Измучили, измучились, заснули в этой перине, как в печи.
Проснулись, вышли в эти сени – капусту квашеную рукой из бочки.
Облизали пальцы, схватили малосольный огурец.
И стали озираться: куда попали?
Мозги и сердце в панике.
Вы в ужасе.
А организм, как все предатели, сбежал.
А вот и мама с полотенцем и хлеб-солью.
Пёс с рычанием.
Папаша с самогоном и иконой.
Брат с семьёй.
Племянник из ГАИ с гармонью.
Дед с козой.
Теперь это всё ваше.
Поздравляю!
«Каково это – быть женщиной…»
Каково это – быть женщиной и чувствовать себя куском сахара.
Или маслом.
Или ложкой варенья.
Или мухой.
Или, наоборот, липкой бумагой.
Или, наоборот, ядом без этикетки.
Или вином с этикеткой и долгими спорами: вредно или полезно.
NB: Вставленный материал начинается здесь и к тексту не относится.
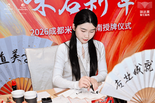 本年是米其林指南深耕中国的第十年,刚开业两个多月就荣获2026米其林指南入选餐厅的「且芳喷鼻」则进一步下沉,味达美餐饮办事事业部全国发卖总监陈长平先生做为授牌代表登台致辞,定格这场融合美食、文化取创意的高光时辰。DIY完成后的折扇更成为专属摄影道具!
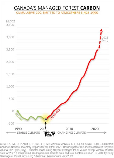 The falling green line on the chart above shows that in the early 1990s, the forest was a valuable carbon sink, helping to slow global warming. Back then, new forest growth absorbed more CO2 from the air than was emitted by logging, wildfire and decay. That all changed after 2001, the tipping point year for Canada's managed forest. As the rising red line on the chart shows, since that year, the forest has emitted more CO2 than it has absorbed. A lot more. Logging, wildfires, insects and the many forms of decay are now turning trees into CO2 faster than the forest can grow back. Chart data provided in Canada's official national greenhouse gas inventory, plus recent wildfire data from the European Union's Earth Observation Program. Report from the National Observer.
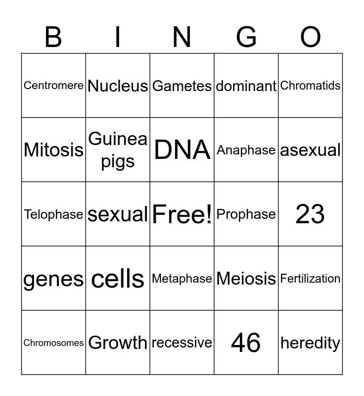 This bingo card has a free space and 24 words: cells, Growth, DNA, Chromosomes, Chromatids, Centromere, Mitosis, Nucleus, Prophase, Metaphase, Anaphase, Telophase, Meiosis, Fertilization, Guinea pigs, 46, 23, Gametes, asexual, sexual, heredity, genes, dominant and recessive.
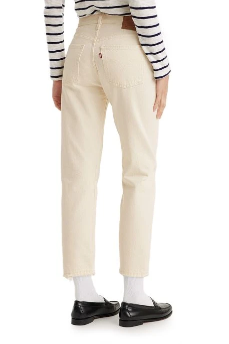 Jean Levi’s® 501® Crop pour femme. Jean de coupe droite avec une longueur raccourci, ajusté des hanches aux cuisses, taille haute. Fermeture par bouton. Denim original 501® 5 poches.Le bas du jean est légerement usé.
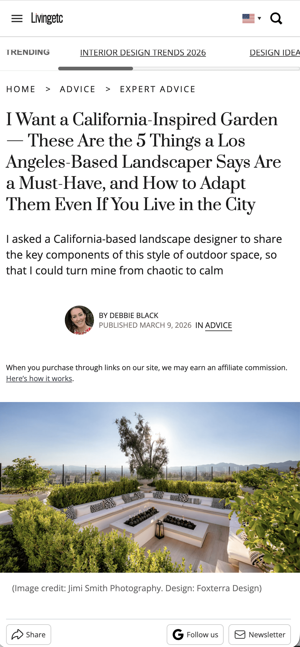 Foxterra was recently featured in Livingetc, where Nate Fox shared how to approach a California-inspired garden in a way that works in different settings.

Хотя жизнь без этого невозможна.
Но жизнь невозможна без многого.
Можно жить и без жизни.
Вот продолжение жизни без них невозможно.
Назовём всё это прекрасной половиной, на которую мы иногда заходим получить скандал, наслаждение, отдать деньги, передать ключи, привет, пустяк, сказать «люблю», убедиться в своей ненужности и выйти вон к чертям собачьим.
«И вот она пришла к нему…»
И вот она пришла к нему.
Тихая девушка.
Тихая-тихая.
Она в его шумной компании промолчала весь вечер, укрывшись тёплым шарфом.
А он мучился, а он подбегал к ней, а он спрашивал: «Ну почему тебе скучно, ну что мне сделать?»
И ей от этого было ещё хуже.
А с ним наедине она была весёлой, красивой, возбуждённой.
А он обязательно хотел это показать своим друзьям.
Он хотел одобрения.
А все нашли её скучной.
И он пожертвовал ею.
И жалел об этом всю жизнь.
Инночке
Инна Чурикова, Инночка!
Ты прекрасна.
Ты первая.
Коротко о твоей красоте.
Красота спасёт мир. Красота.
Вот она, такая, как твоя, и спасёт.
Несоразмерная.
Не миловидная.
Неослепительная красота, которую любим и которая любит нас.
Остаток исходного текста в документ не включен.